It is always a dilemma for designers retrofitting old buildings to decide what to keep and what to get rid of. This decision makes the difference between keeping the spirit of the old and giving it a new lease of life, or a falling into theme-park folly. Spanish architects Churtichanga+Quandra-Salcedo Arquitectos have gotten the mix right in their conversion of a slaughterhouse into a Public Cinema Center in Matadero de Lagazpi, Madrid.

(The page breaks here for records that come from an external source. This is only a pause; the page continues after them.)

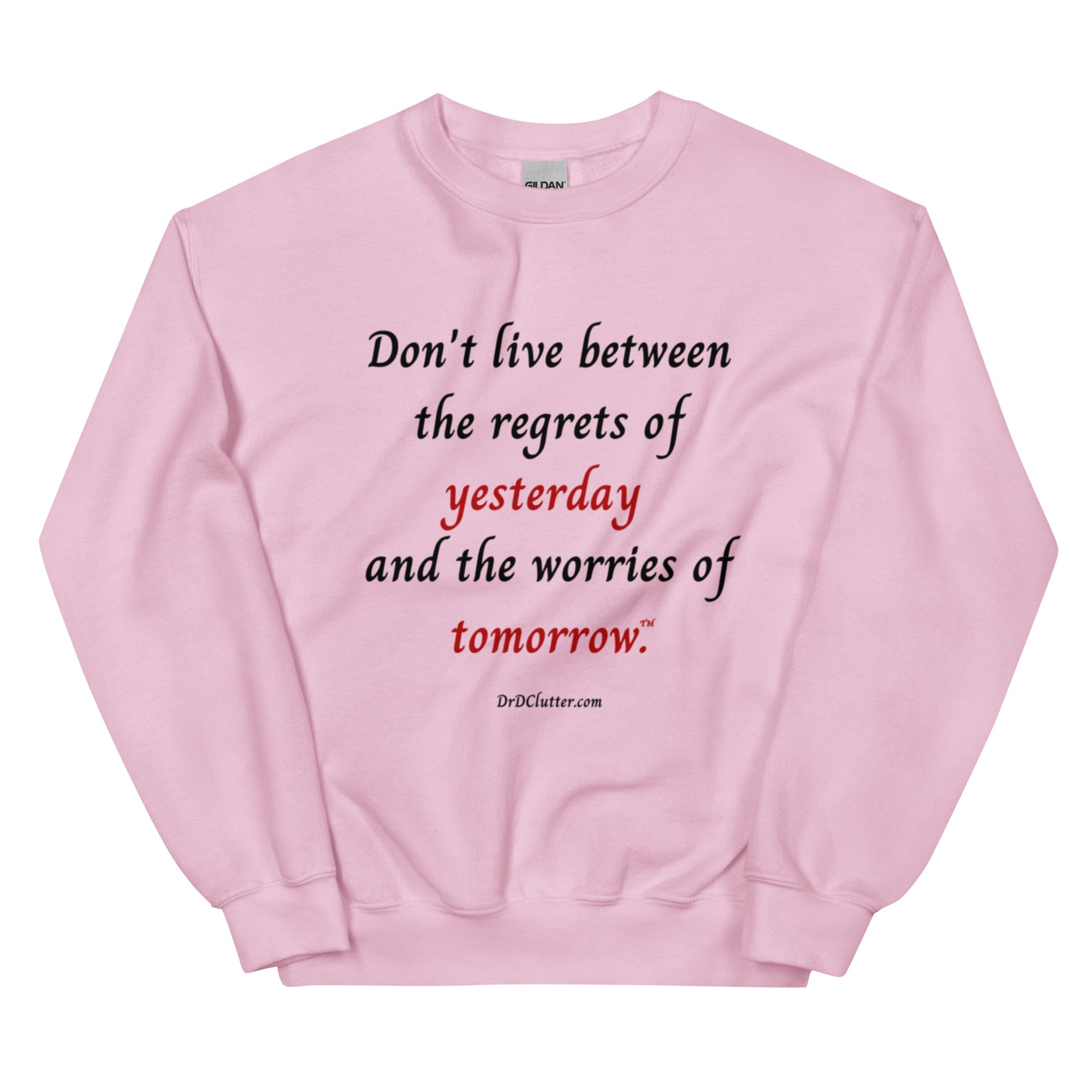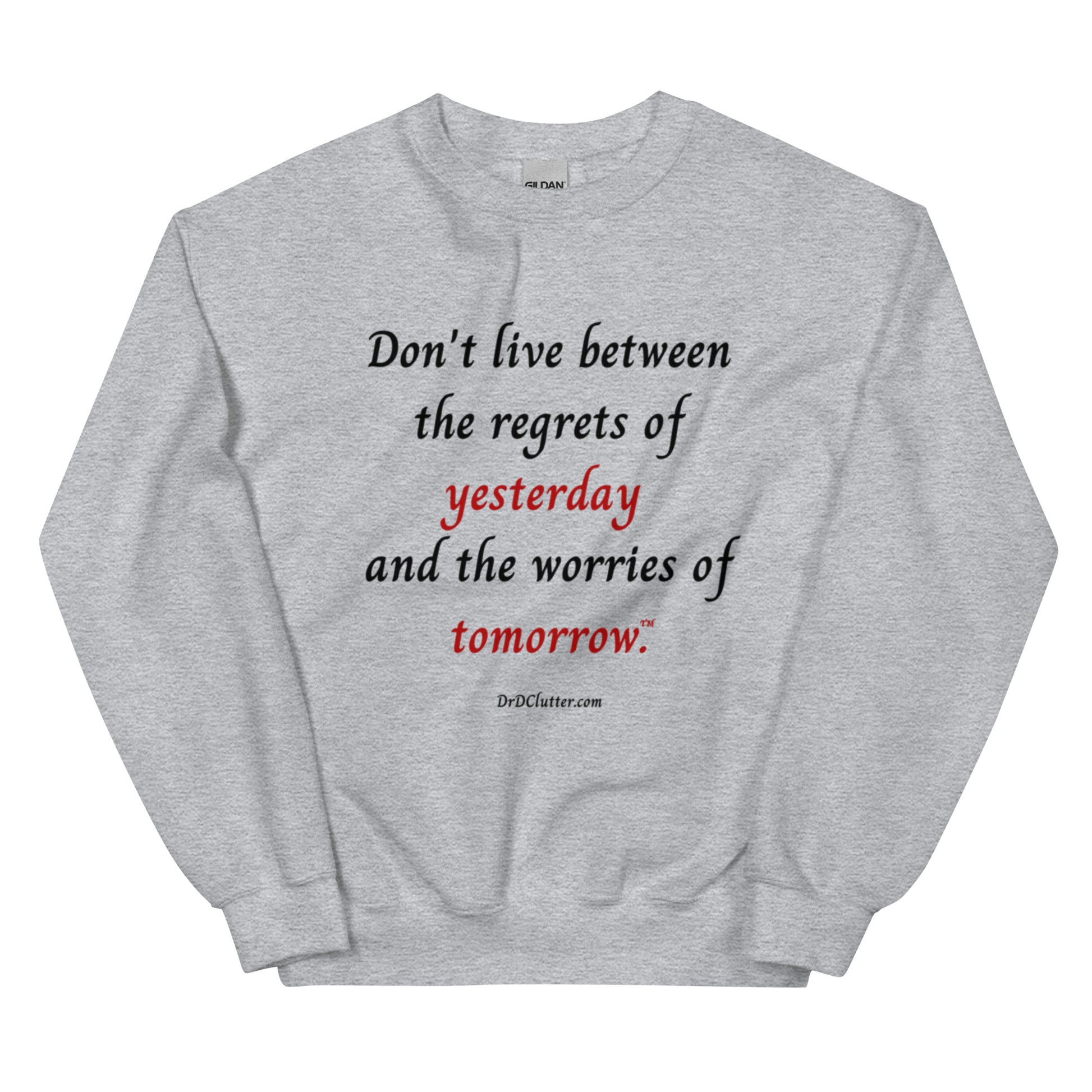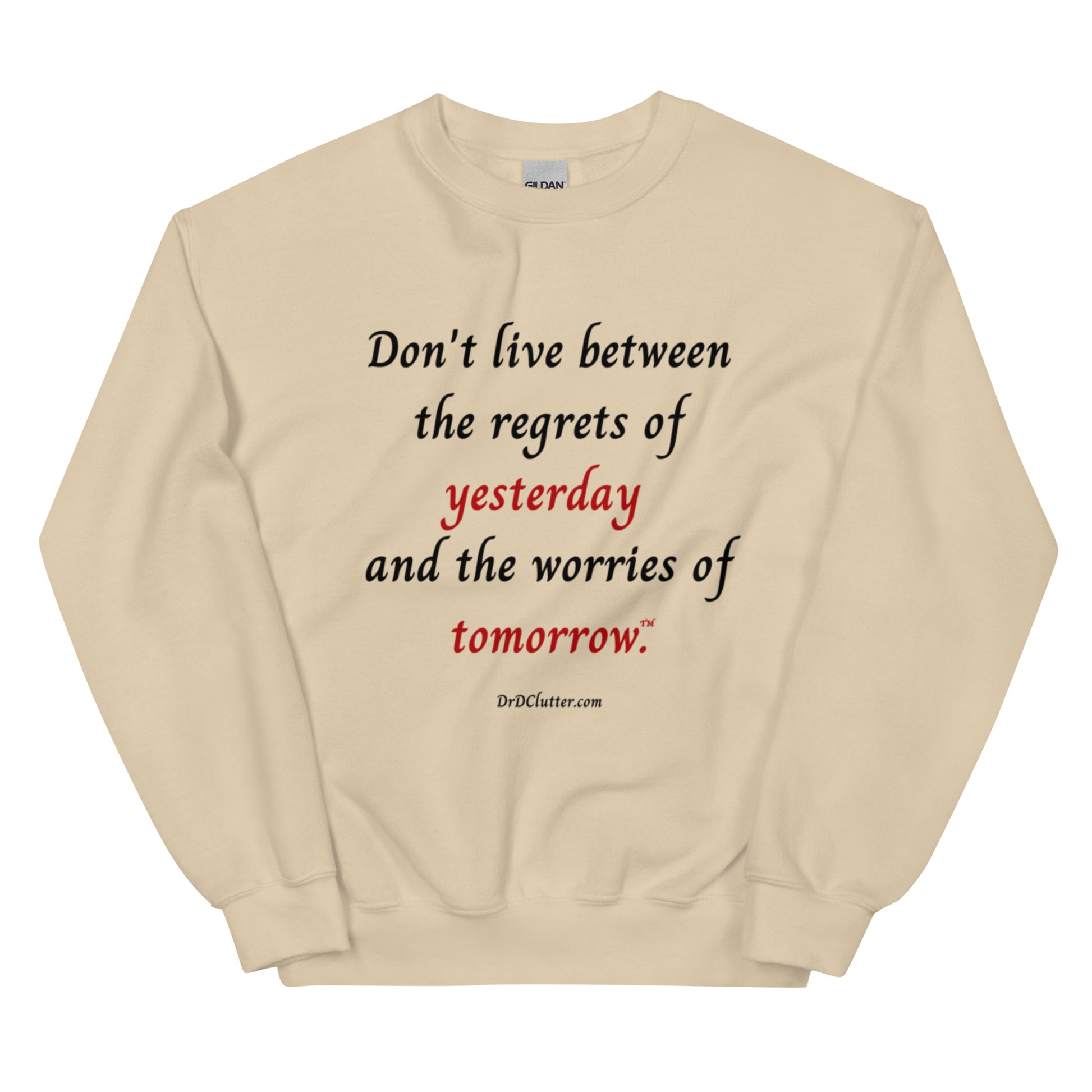 Our Crewneck Sweatshirt encourages you to escape the cycle of regrets and worries with our "Don't live between the regrets of yesterday and the worries of tomorrow.™.”
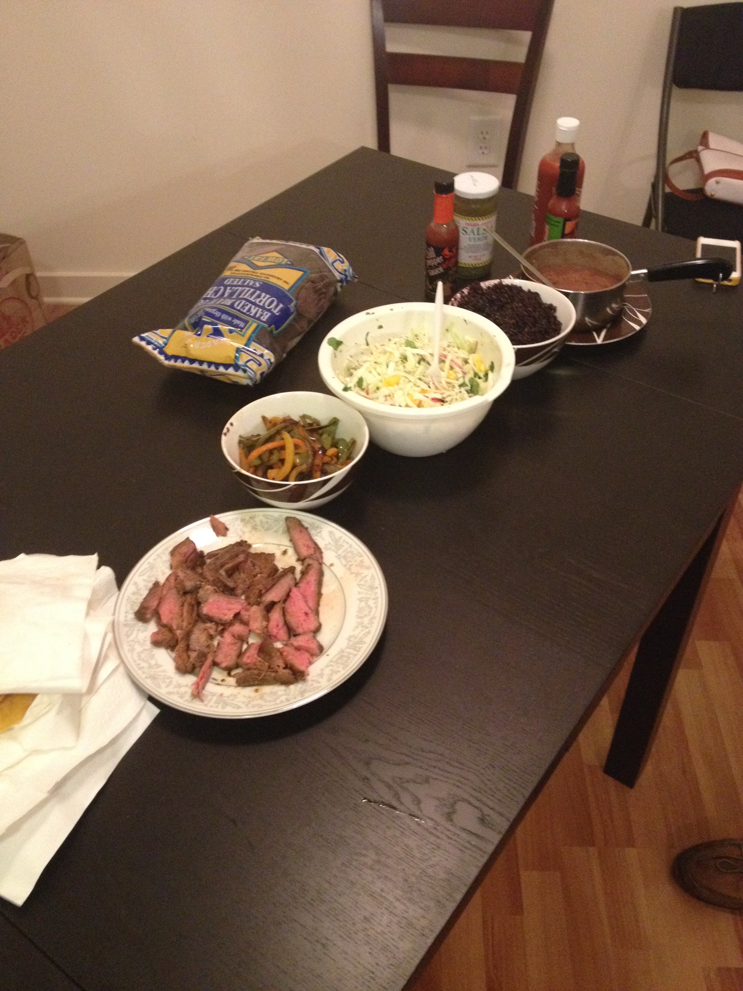 1. Make the cilantro pesto: Add the garlic, cilantro, walnuts, some fresh cracked pepper, and 2 TBS olive oil to the bowl of a small food processor. Pulse until not quite a paste, but everything is mixed evenly. Then, slowly drizzle in your olive oil. I didn’t end up needing the whole 1/3 of a cup, but I do like my pesto thicker. After you’ve finished pulsing, mix in your feta (don’t pulse in the food processor, just slowly mix into the mixture)
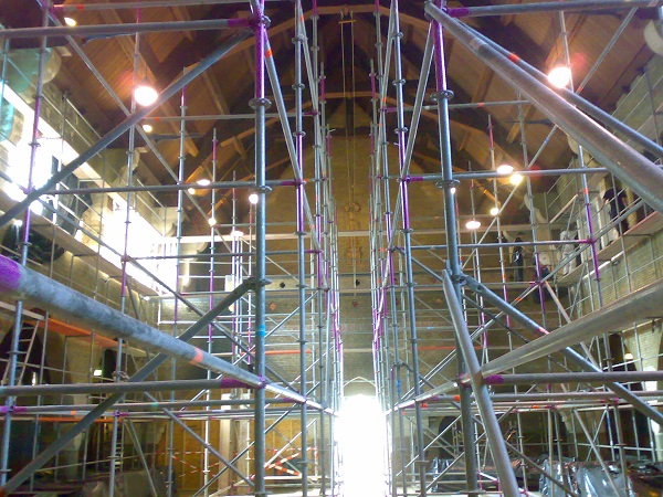 Steigers in kerk Amsterdam 2
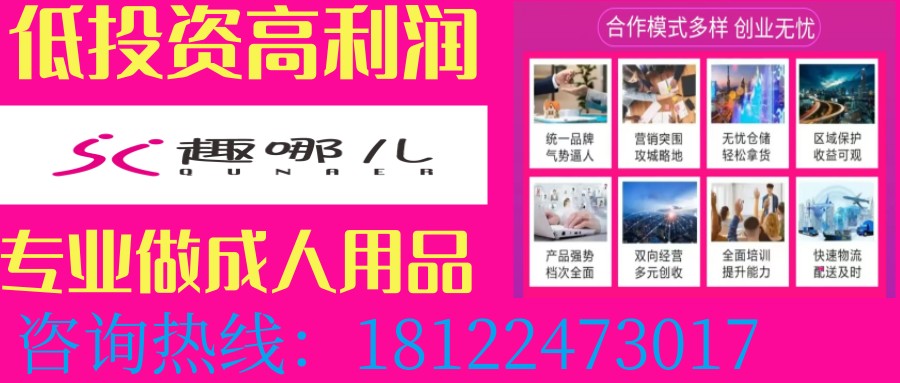 目前趣哪儿有5000多款产品,产品类目齐全且丰富多样,代理加盟方式更是多种可选:拼多多,淘宝,美团,饿了么,同城配送,一件代发,24小时无人售货店,实体店,1688小程序等等。我们是专业做成人用品,有专业的运营和技术团队,更有长达5年经验左右的选址督导,如果你也想了解更多关于成人用品,欢迎来咨询!
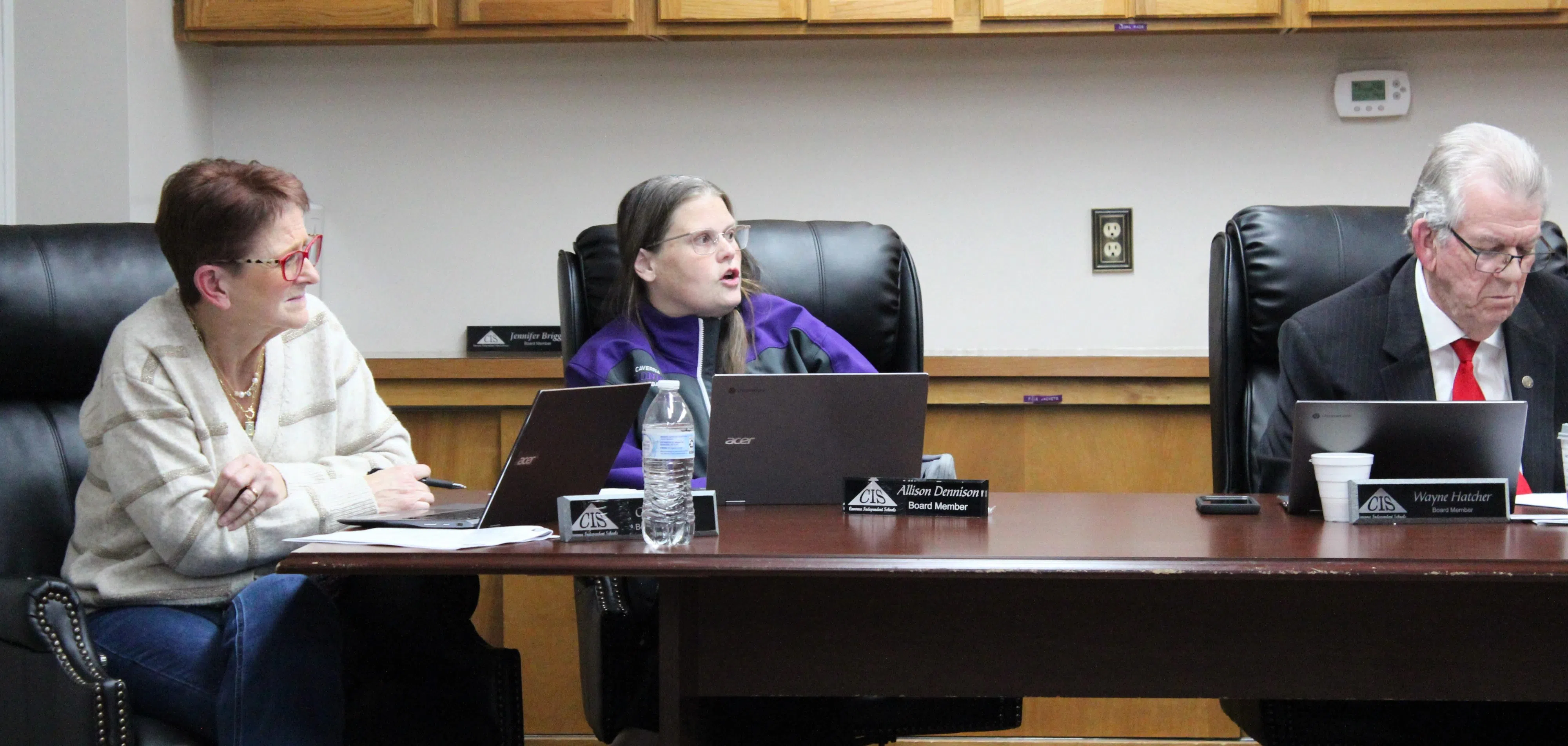 Caverna Board of Education member Allison Dennison asks about a committee assignment during the regular monthly meeting in December. Gage Wilson/For Glasgow News 1
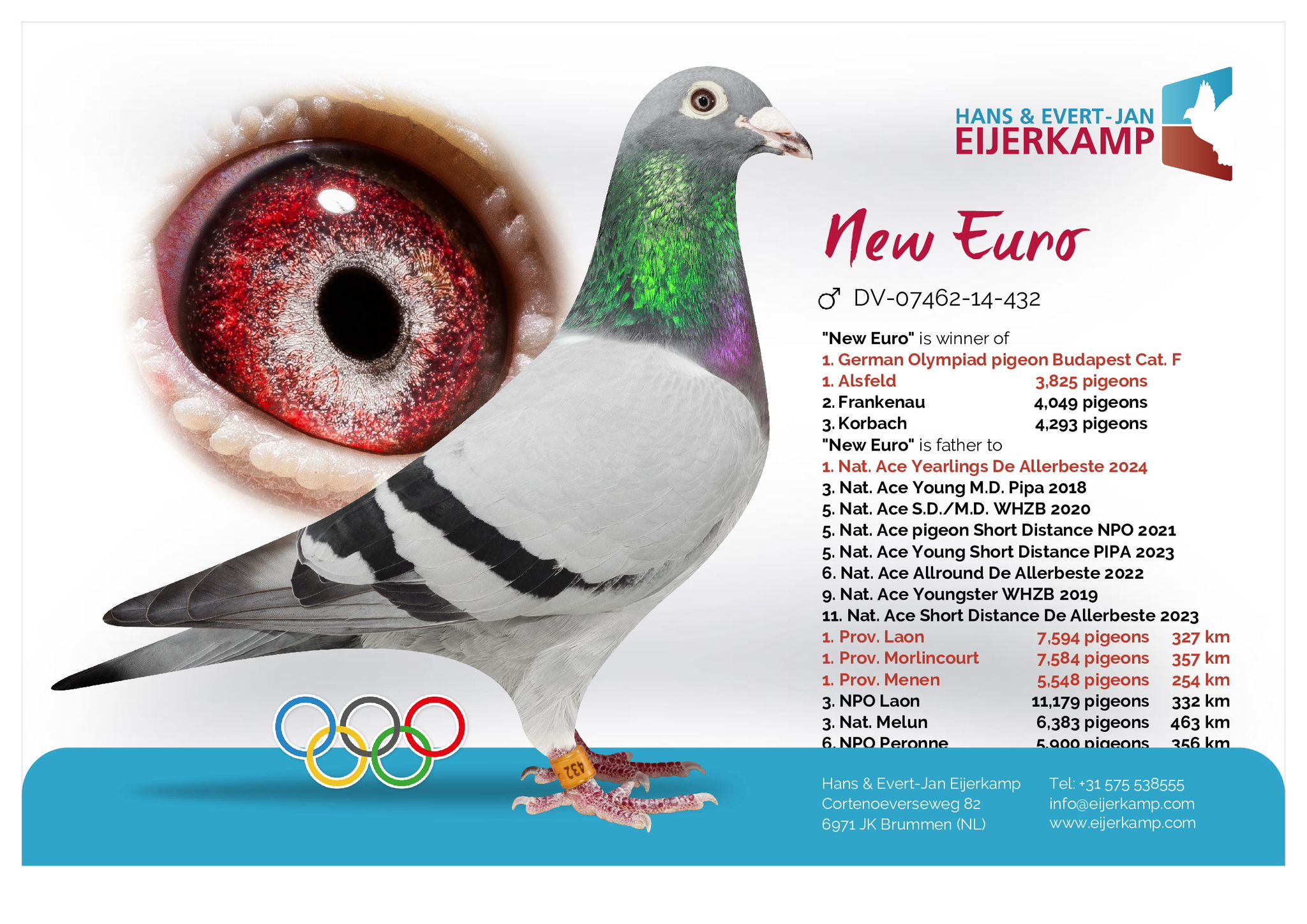 New Euro was 1. Duitse Olympiade duif Budapest Cat. F in 2015 en won o.a.
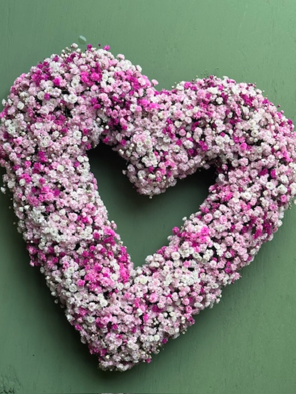 This is how to Romanticise your lilfe, a gorgeous fluffy pale pink wall or door wreath. Made fresh with bundles and bundles of velvety soft Gypsophilia flowers made into a heart shape.
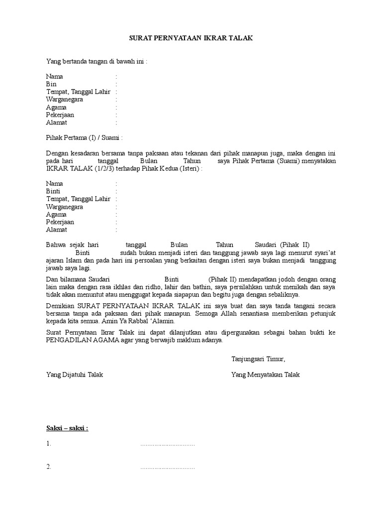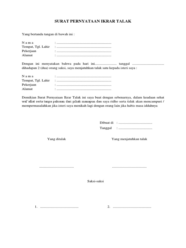 Surat pernyataan ikrar talak cerai yang bertanda tangan di bawah ini saya : Unduhsebagai docx, pdf, txt atau baca online dari scribd. Ibu rumah tangga alamat : Zulfi azwan tempat, tanggal lahirâ : Surat pernyataan ikrar talak.doc :
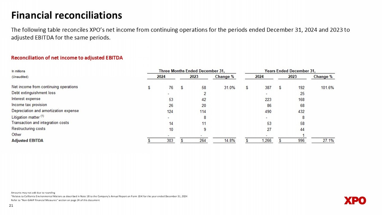 Financial reconciliations The following table reconciles XPO’s net income from continuing operations for the periods ended December 31, 2024 and 2023 t o adjusted EBITDA for the same periods. 21 Reconciliation of net income to adjusted EBITDA Amounts may not add due to rounding 1 Relates to California Environmental Matters as described in Note 18 to the Company's Annual Report on Form 10 - K for the year end ed December 31, 2024 Refer to “Non - GAAP Financial Measures” section on page 24 of this document In millions (Unaudited) Change % Change % Net income from continuing operations $ 76 $ 58 31.0% $ 387 $ 192 101.6% Debt extinguishment loss - 2 - 25 Interest expense 53 42 223 168 Income tax provision 26 20 86 68 Depreciation and amortization expense 124 114 490 432 Litigation matter (1) - 8 - 8 Transaction and integration costs 14 11 53 58 Restructuring costs 10 9 27 44 Other - - - 1 Adjusted EBITDA $ 303 $ 264 14.8% $ 1,266 $ 996 27.1% Years Ended December 31, 2024 2023 Three Months Ended December 31, 2024 2023

The cinema consists of a huge complex of buildings and now includes a film archive, a television and film studio, offices, two cinemas, a canteen and also an summer outdoor movie theater. The designers took inspiration from projected film, basket weaving and geometry in their reworking of the slaughterhouse. Long strips of pine, stained dark gray, were used to create a human scale in the often cavernous spaces within the complex. The original brickwork sticks out above the wooden cladding and becomes the backdrop for all the activity within. Probably the most impressive new additions are the huge “baskets” in the main spaces. The baskets were made by weaving irrigation hoses, a massive scale up from the usual rattan or wicker and necessary to fit into the expanses within. In the archive, the basket defines staircases and becomes a huge lamp shedding warm golden light. The main movie theater is also encased in a black basket, giving viewers an ant-in-a-picnic-basket perspective, emphasized even more by the giant humans on the screen.

The mix of the visually busy brickwork and the calming pine cladding, combined with the architectural weaving creates a link between the slaughterhouse and its new incarnation. The perfect mesh of new and old.